Latest update March 21st, 2025 7:03 AM
Aug 03, 2009 Editorial
Later this week, the Joint Committee on Human Rights in the British Parliament will report on the allegations of its government’s involvement in and knowledge of the torture of terrorist suspects by foreign powers.
The Obama administration has been dogged by accusations that it has backtracked on its declared commitment to clear up the ambiguities on the use of torture to extract information introduced by the Bush administration.
The fact that there can be this debate on the use of torture in these two exemplars of democratic and open governance highlights the difficulties that have been spawned for law enforcers in the post-9/11 era of terrorists and terrorism.
As laid down in treaties such as the Geneva Conventions, the UN Convention against Torture and the International Covenant on Civil and Political Rights, the ban on torture or any cruel, inhumane or degrading treatment is absolute, even in times of war.

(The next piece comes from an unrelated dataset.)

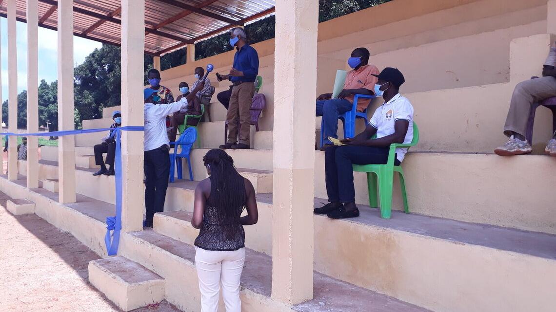La tribune du stade municipal de Bria (Est de la RCA), d’une capacité de 1200 places et comportant avec 8 gradins, réhabilitée pour un coût total d’environ 24 millions FCFA par la MINUSCA, a fait l’objet d’une remise officielle, ce 26 juin 2020, au président de la Ligue de football de la Haute Kotto, par le Chef de bureau de la MINUSCA, Imtiaz Hussain, à l’occasion d’une cérémonie qui a regroupé les acteurs principaux du sport de la sous-préfecture, à défaut du grand public, pour cause de respect des mesures de protection contre le COVID-19.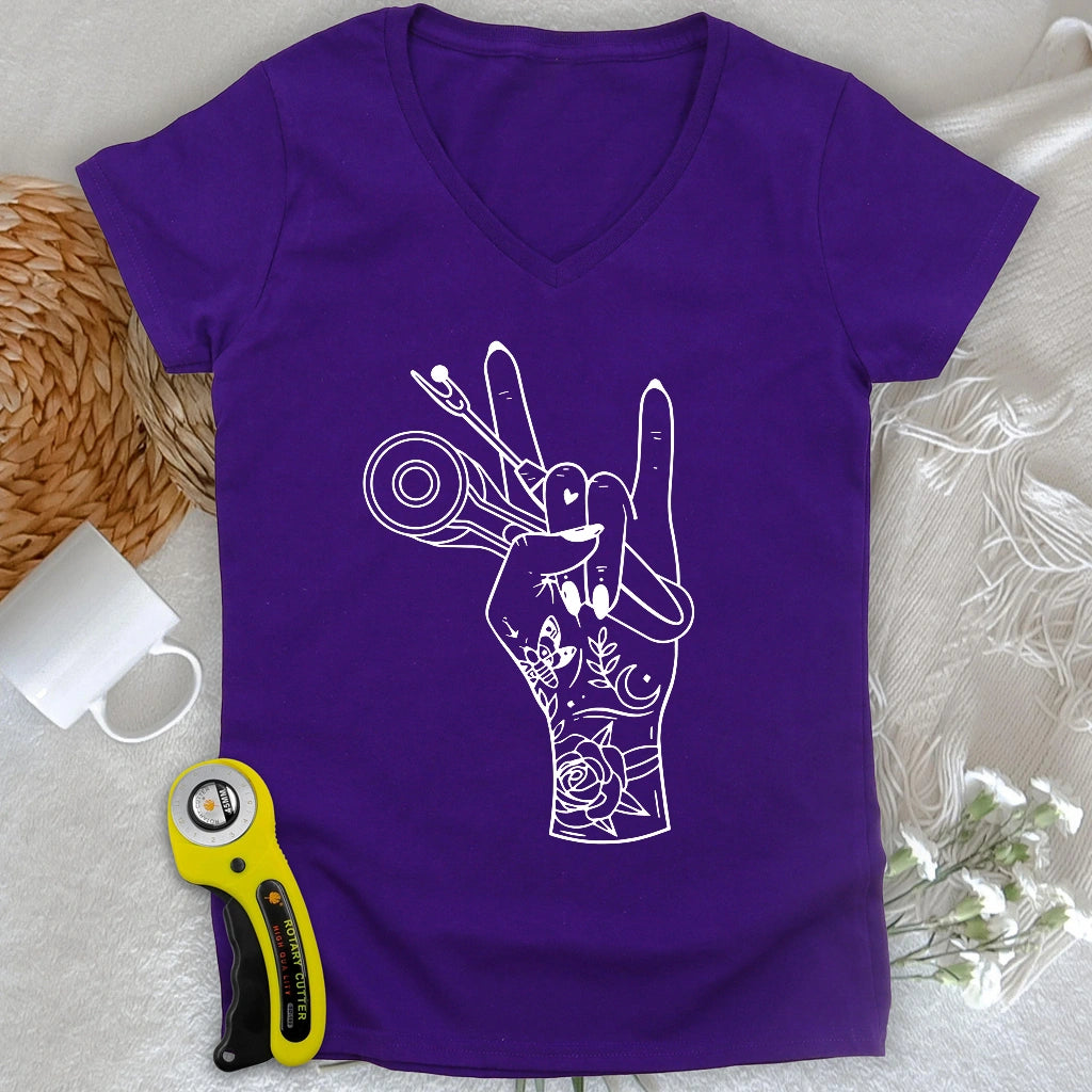 Sewing Rock Lady V-neck

Along with genocide, torture is the only crime that every state must punish, no matter who commits it or where. However, along with the US and the UK, Amnesty International noted cases of state-sponsored torture or other inhumane treatment in 102 of the 153 countries included in its 2007 report.
Here in Guyana, the accusations of torture to extract information from suspects picked up in the latest alleged act of terrorism – the torching of the Ministry of Health’s Building- by elements of the Disciplined Forces has raised the issue once again.
As in the US and the UK, the local administration has stoutly denied that it condones torture. However, one of its Ministers had spoken of “roughing up” treatment echoing the “enhanced interrogation” techniques that the aforementioned democracies had sought to enforce.
While no country has attempted to justify torture in its full blown robust form – pulling off toenails or drilling their root canals, for instance-the governments such as the US and the UK have attempted to tighten up the definition of the term so as to give their interrogators some leeway, as above, in eliciting information. Does sleep deprivation or sexual humiliation count?
One interesting finding is that surveys in many jurisdictions, including the US and the UK, show that a significant number of their citizens would permit “enhanced interrogation” techniques if they were deployed to stop terroristic activities.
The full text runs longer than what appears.